I started to think about this a lot lately.
No worries, the torn calf is healing and I should be running in a few weeks. But I thought it would be interesting to think about for myself, what if?
What if I never was able to run again? How would I be?
Anyone who knows me, knows how much I love running. Anyone who sees my race photos cannot mistake how happy I genuinely look when I am running 26.2 miles. So then, what would happen if something bad happened and I was not able to physically run every again?
I think that a few things would happen.
First I would go through a dark phase. It would be hard for me to come to terms with not running. It might take a long time to even comprehend the fact that running was no longer going to be a part of my life. I would get depressed just thinking about it.
Then I would probably get angry and bitter for a long time. I would look at my race photos and medals and want to throw them all away and forget the times I ran.
Next I would probably do what I do when things change. I would create a distraction with something else. I might try to focus on other exercises and activities. I might pretend to love them more than running and work hard to make myself believe I did not miss it every day.
Then I would come to accept it. I would have no other option than to eventually. In the end, I know I will not die without running.

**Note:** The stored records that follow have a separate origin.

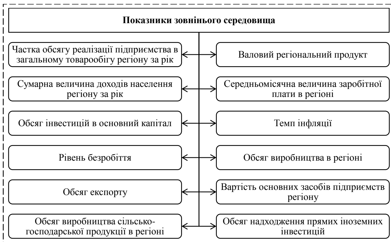
Рис. 2. Показники зовнішнього середовища [6].

Між значеннями доходів підприємства та показників зовнішнього середовища існує пряма пропорційна залежність – зі зростанням показників зростають доходи, окрім рівня безробіття, в даному випадку простежується обернена пропорційна залежність – зі збільшенням рівня безробіття зменшуються доходи населення, що впливає на зниження їх покупної спроможності, що, в свою чергу, впливає на зниження величини доходів від реалізації.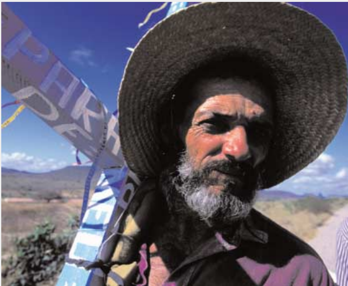
In pellegrinaggio a Pernambuco, in Brasile (2001).

no saputo conservare una dignità individuale molto forte.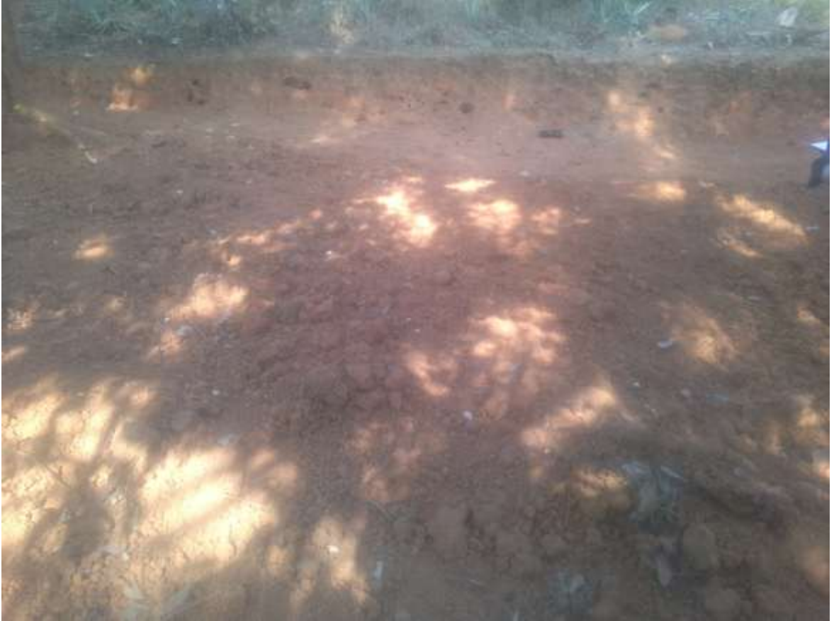
စီမံကိန်းလုပ်ငန်း တည်ဆောက်မည့်နေရာ

I know it is just an activity, and many many people never get fortunate enough to run.
But for me it is so much more than a simple activity. For me it has become such a large part of who I am and how it makes me feel. I did not realize it until it was taken away from me 6 weeks ago.
I took my daughter to the track the other day because it is across the street from a playground she likes and I watched her run a little bit and she was having so much fun. And it was bitter sweet because I am still in the boot and cannot run. And it hit me. A wave of sadness and a deep longing swept over me as I watched many runners there doing their speed work. It was not too long ago I was there doing my speed work. I wondered how long it would be before I got out there again.
Being at that track, it just made me miss running all the more. Made me wish I could hit fast forward on the time and bring myself into the days when I will be running again. Once you fall deeply in love with something, it is painful to be apart from it for even a day or 2. It hurts me to not be running right now, and every day it gets harder and harder to be away from it.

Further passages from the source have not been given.